Oh pueblo, oh pueblos, oh naciones, que en este siglo verdaderamente oscuro os perdéis en la huella de una libertad que es licencia, de una independencia que es esclavitud, de una hermandad que es hermandad de iniquidad, escuchad al Hijo de Dios. que habló por sí mismo al mundo, y continúa hablando por la Boca inmaculada de la Iglesia. Aquí en el Salvador está la verdadera libertad, que os libera de todas las pasiones y vicios del presente siglo. He aquí la verdadera independencia en Él, fruto de la extraordinaria victoria que os obtuvo sobre el mundo, sobre el diablo y sobre el pecado. Aquí estás finalmente en el Salvador, el amoroso Cabeza de una familia católica. unidos con los sagrados lazos de la fe, la esperanza y el amor. Ipsum audíte. Si queréis salvaros de las horribles tinieblas del paganismo, hacia las cuales corréis constantemente, dirigid vuestra mirada al sol de la humanidad redimida y gozad de los brillantes rayos y del reconfortante calor de los Dogmas y de las buenas obras.

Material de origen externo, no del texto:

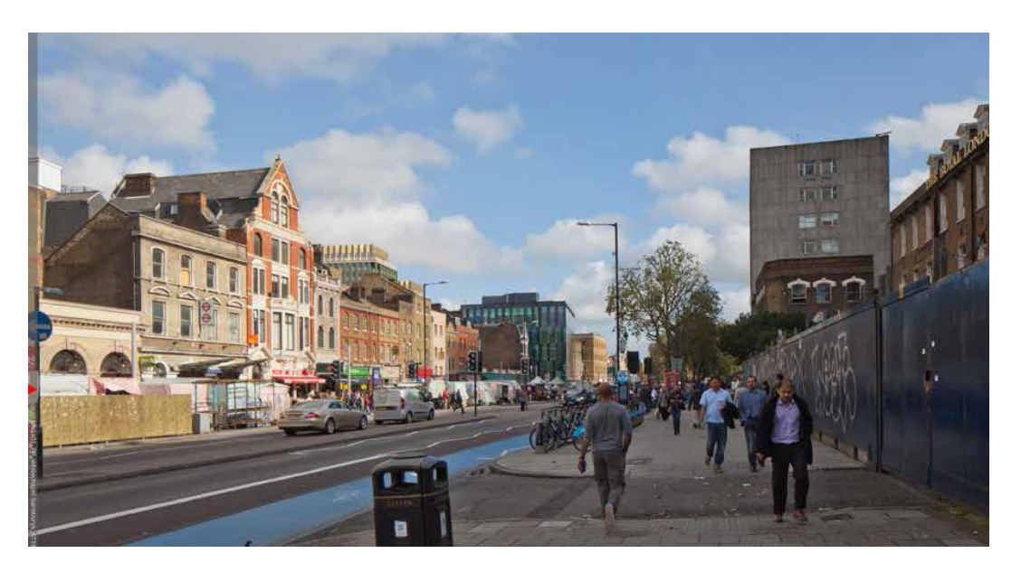
Illustration 2: Looking east along Whitechapel Road with proposed development<sup>121</sup>.

11.4 Turning to the street scene including the WLI, this is more sensitive to impact from taller buildings behind the street frontage. However, from opposite the fine-grained historic buildings noted in the CA Appraisal, Building 3 would be further away, and would mostly appear in oblique angles in views along the road. It would generally be out of site when standing on the same side of the road near the market stalls. The latter also impose their own fascinating character which leads the eye away from the wider context. For these reasons, although there would be harm to the CA, which should be given considerable importance and weight, the impact on both its character and appearance should be given only slight to moderate weight. [2.6 2.7 3.8]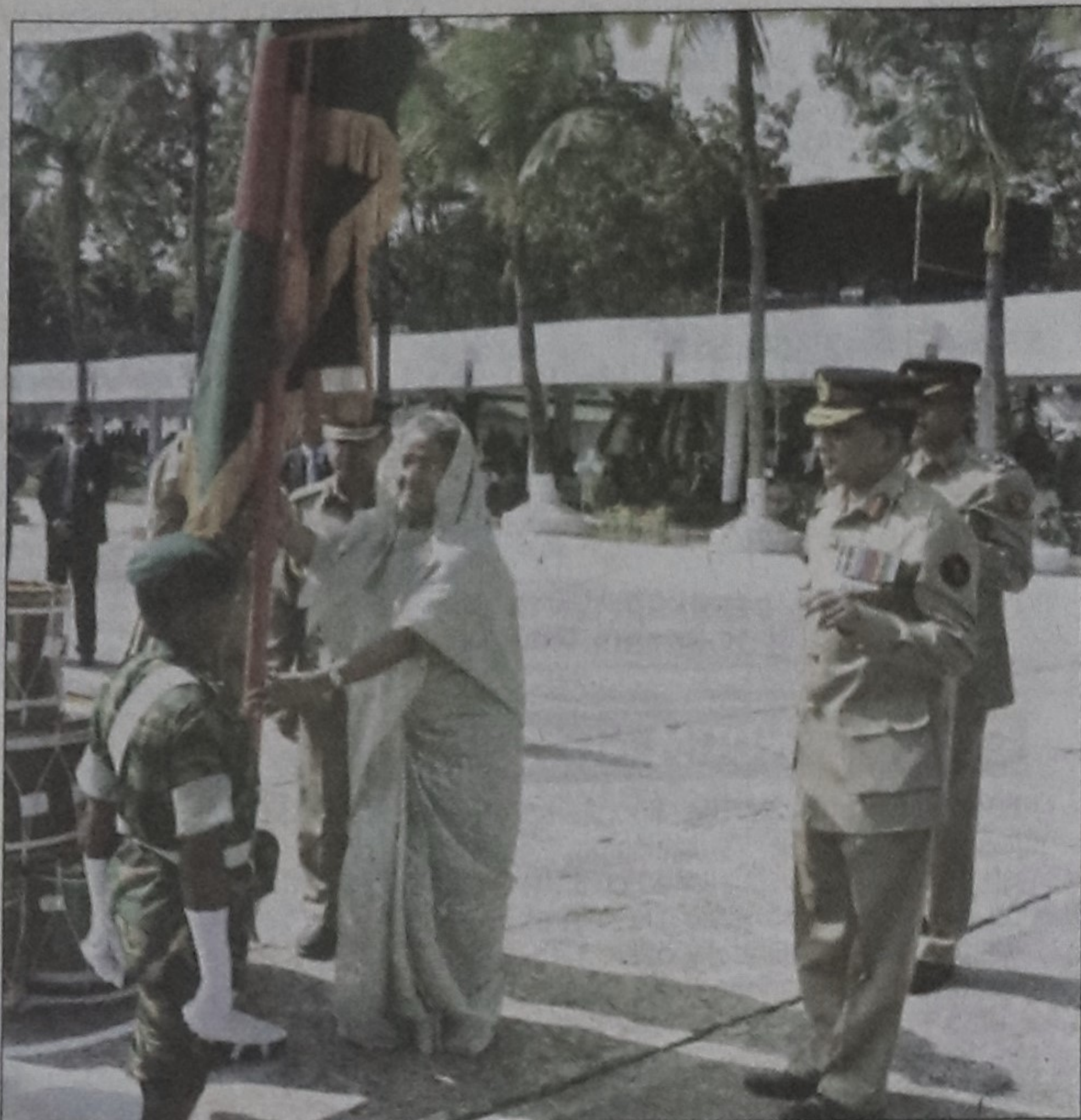
Prime Minister Sheikh Hasina presents National Standard to a unit of East Bengal Regiment at MR Chowdhury Parade Ground of East Bengal Regimental Centre in Chittagong Cantonment yesterday. (Story on Page 1)

Court Inspector Md Khorshid Alam, in absence of AC prosecution, said they did not receive any such message. But following apprehension of feared bomb explosion, security measure was taken in and around the court building since the morning.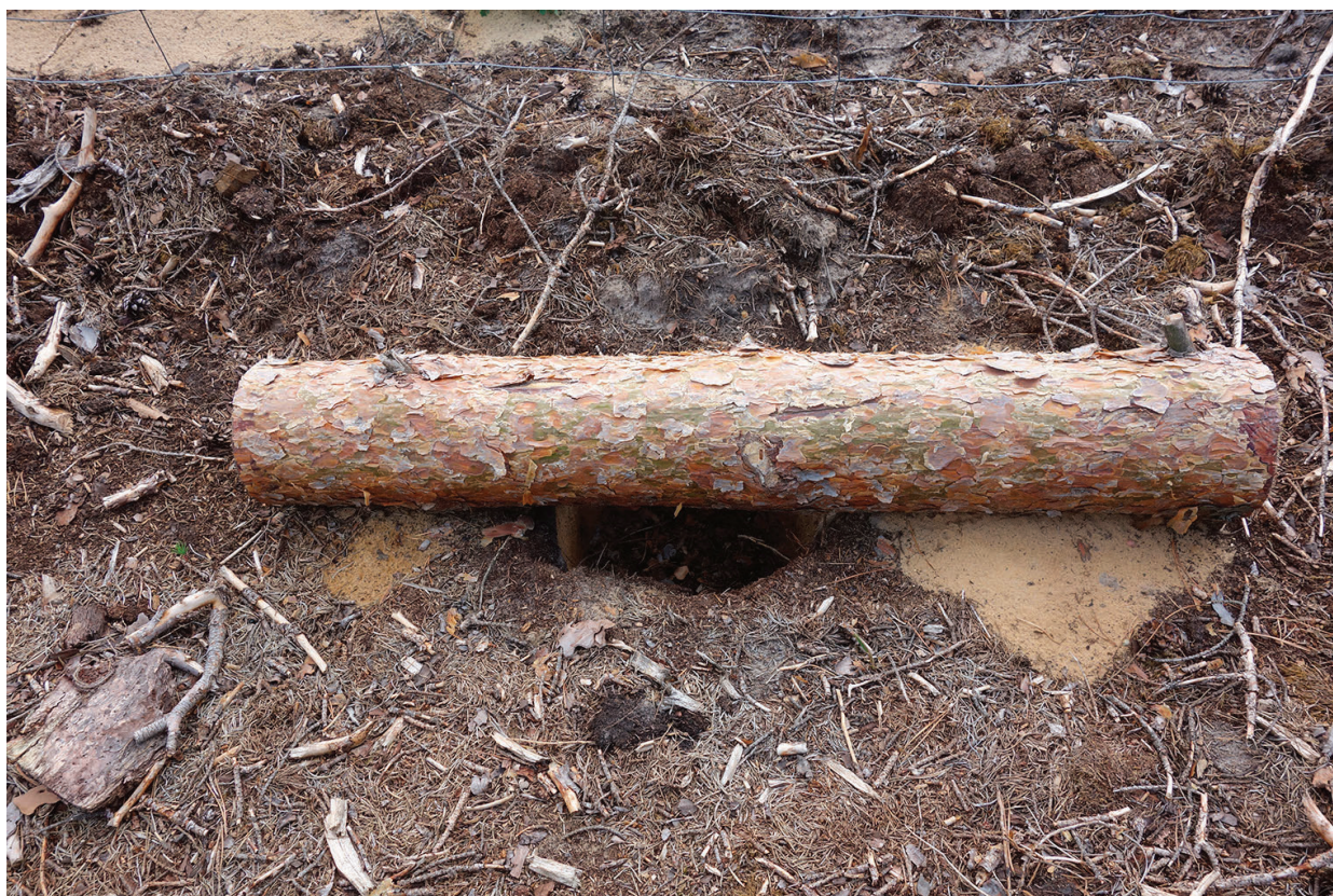
Photo 3. Pinus sylvestris billet used for protection of reforestations; under the trap there is a hole to collect Hylobius abietis beetles.

Evaluation of the number of P. castaneus and the level of damage to P. sylvestris plantations and thickets is performed on the basis of the number of trees colonized by the pest on areas of its occurrence in the previous years and in young forests weakened by biotic (fungi, insects, deer) and abiotic (drought, hail, fire) factors. The observations are performed every two to three weeks from mid-May to the end of September.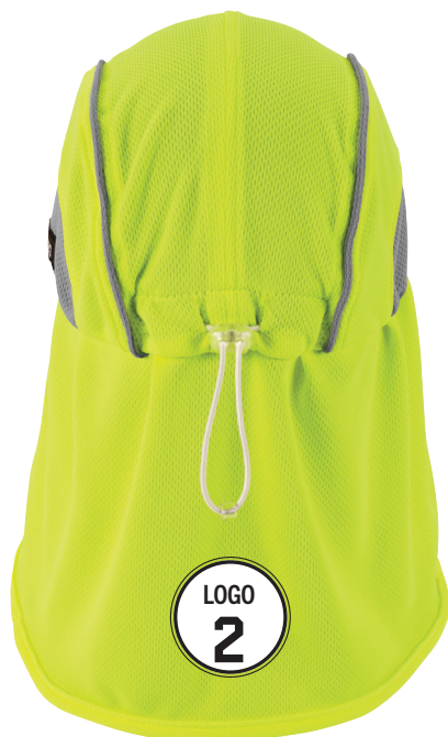
BACK - 6650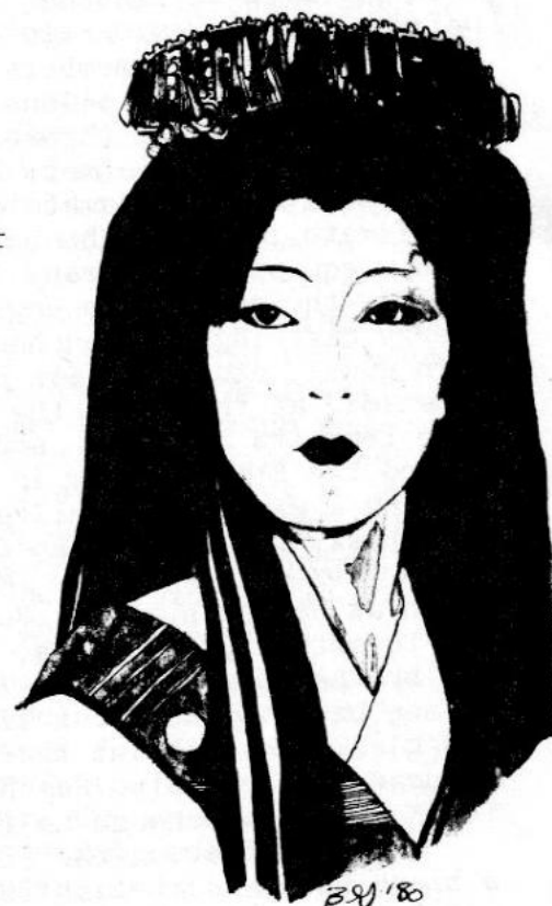
Tamasaburo Bando as Princess Shirayuki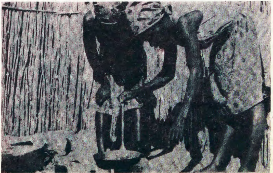
Aatekuligumbo otaa iidheula okuteleka

Ombimbela, nootseyo yegongalo, ontseyo yondjokana, okulela aana okuteleka, okwoopaleka egumbo, okuyoga nokukangula, ayihe mbika oya kala ehuku lyootundi dhawo. Konyala kehe gumwe ohi inigile wo oshimpungu shoshikunino nokwiidheula mokutekula iimeno.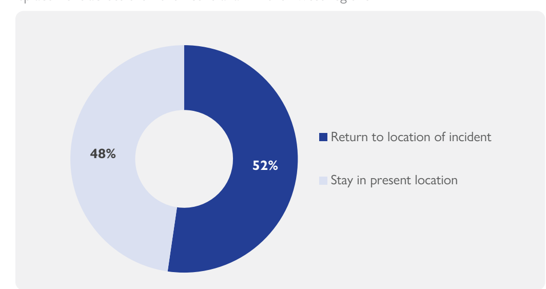
Fig. 1. Future intentions

Nigeria's north-central and north-west zones are afflicted with a multi-dimensional crisis. Long-standing tensions between ethnic and religious groups often result in attacks and banditry or hirabah. These attacks involve kidnapping and grand larceny along major highways by criminal groups. During the past years, the crisis accelerated and has resulted in widespread displacement across the north-central and north-west regions.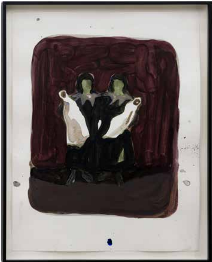
无题之三 Untitled No.3

纸上丙烯 | Acrylic on paper 42*30cm, 2018 LS2_0065-9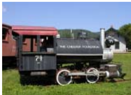
Chester Railroad Depot & Museum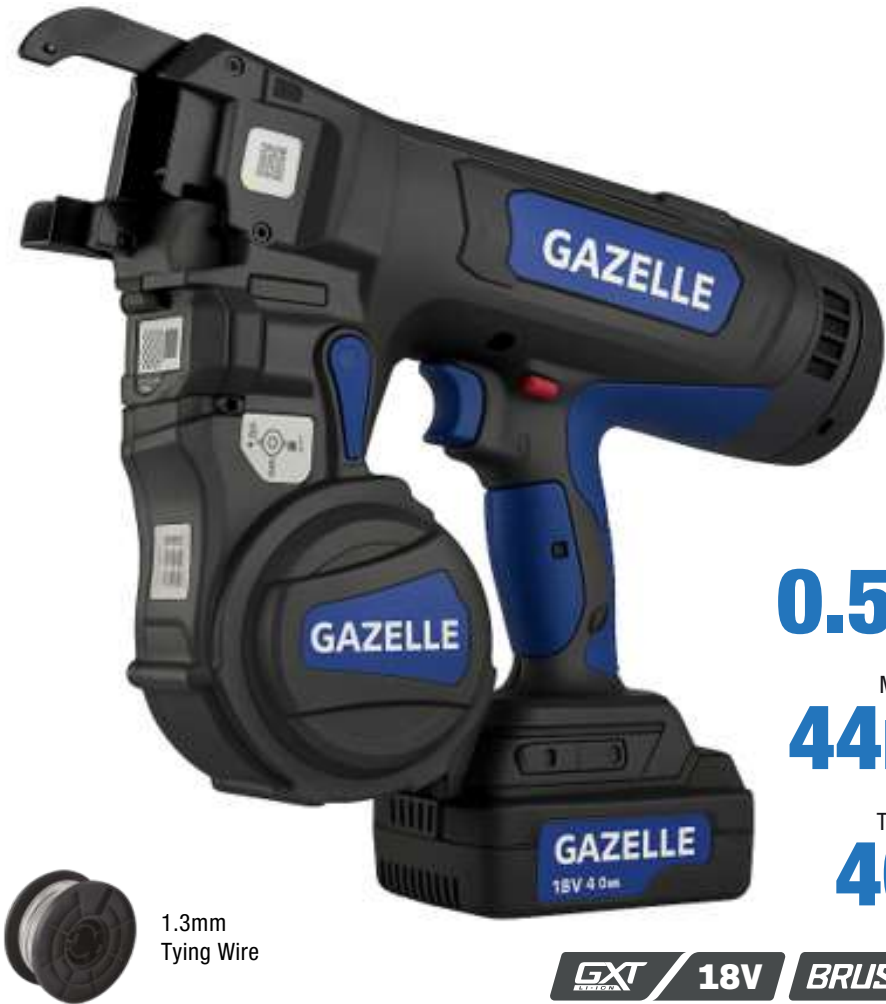
1.3mm Tying Wire

REDUCE WIRE WASTAGE Single wire system with pull back mechanism to save costs and provide wire tightness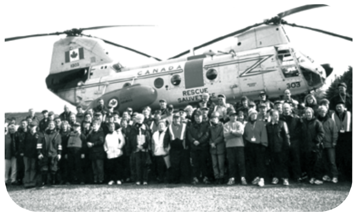
Participants at the SAR skills competition in front of the Labrador helicopter from 103 SAR Squadron, Gander.

The weekend was thoroughly enjoyed by all and plans are already underway for next year's SAR Skills Competition to be held in Marystown, Newfoundland.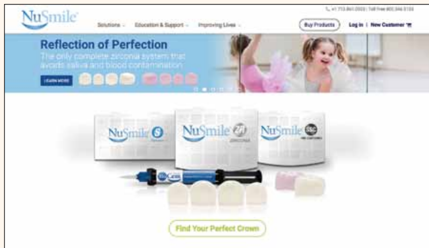
Changes to the NuSmile website include the availability of more information about NuSmile solutions in pediatric esthetic restorative dentistry. The site also has added capabilities that make it easier to connect with the company.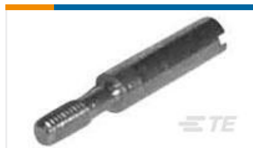
TE Part #1-1106100-1 SPB-M3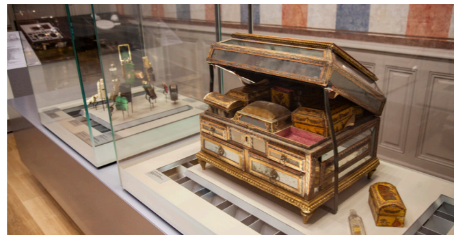
Grooming case - 18th century - Venice, wood, glass, carton, cloth, metal International Museum of Perfumery, inv. 94 48

Grasse wanted to be the first to found an International Museum of Perfumery, and the town put forward a well-researched scientific proposal, backed by a tenacious desire to see the project come to light.

Además, esto se os dice más particularmente a vosotros, romanos; ya que aquí la Voz de la Verdad siempre ha sido impecable durante diecinueve siglos, aquí innumerables milagros la han confirmado, aquí los Santos Apóstoles Pedro y Pablo la han grabado con caracteres indelebles en sus tumbas, aquí ha residido el sol del cristianismo, el Papa, ya que esta cátedra siempre se predica y defiende la verdad. Porque PIUS NONUS, Sucesor de San Pedro y Vicario de Jesucristo, es la Boca de la Iglesia, el Representante del Salvador, de quien el Padre Eterno dijo: Ipsum audíte.
FRANCESCO LEOPOLDO ZELLI OSB.
NOTA
[1] Se cree que la Transfiguración ocurrió aproximadamente ocho meses antes de la Crucifixión.